With 3,430 feet of vertical, Whiteface has the most vertical drop east of the Rockies, and three peaks to choose from. A true top to bottom run will leave the legs screaming. From the summit on a sunny day, you can look off to the Great Range, which includes 5,344-foot Mount Marcy, the tallest mountain in New York, and the ski jumps that loom over the village of Lake Placid—remnants from another time.
And if the storms don’t come, or a February thaw leaves the mountain reeling, Whiteface has top-notch snowmaking. With 99 percent coverage capability, snowmaking piles up snow in even the unluckiest of seasons. Come late-season, ski patrol will open the Slides, a side-country big-mountain skiing experience that will have you wondering if you’re in the middle of a backcountry ski tour, or even on the East Coast at all.

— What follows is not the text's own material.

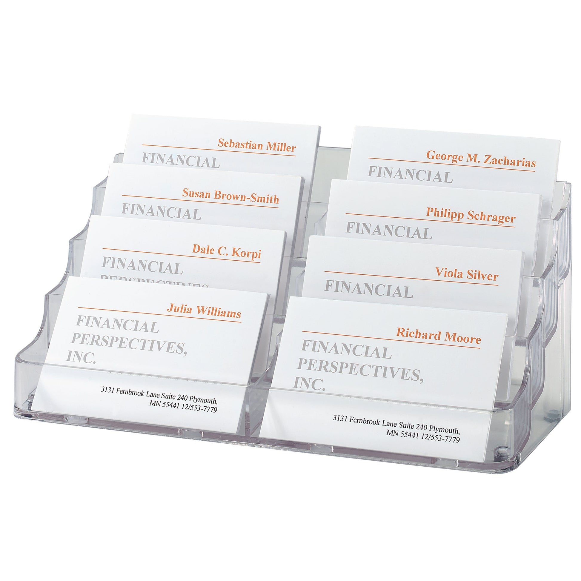 glasklarZur besonders platzsparenden Präsentation und schnellen Entnahme von verschiedenen Visitenkarten. Dank transparenter Gummifüße standfest und rutschsicher.

New York state is huge, full of character surging throughout each region. From the summits of these ski areas—Gore and Whiteface run by the state, Oak and Titus privately owned—wilderness beckons. Additionally, Pisgah, West, and McCauley ski areas are regional options, as well. Lakes and rivers stretch on for hundreds of miles; condos, clear-cuts, and extravagant resorts are non-existent. The land that lies between is protected, and will be forever. These resorts encourage visitors to get out into the local towns, explore the richness and wild character so specific to the Adirondack region. The relationship between these ski areas and the towns below is symbiotic. People come to the area to go skiing, but fall in love with the kindness given at the gear shop in town, the meal they had at a café offering local foods. And, of course, the mountains. There isn’t anything like the wildness found in this part of the state. The skiing that happens in the Adirondacks seems to transcend ego and expensive gear. It’s accessible and gets back to the roots of the sport: having fun while going fast downhill.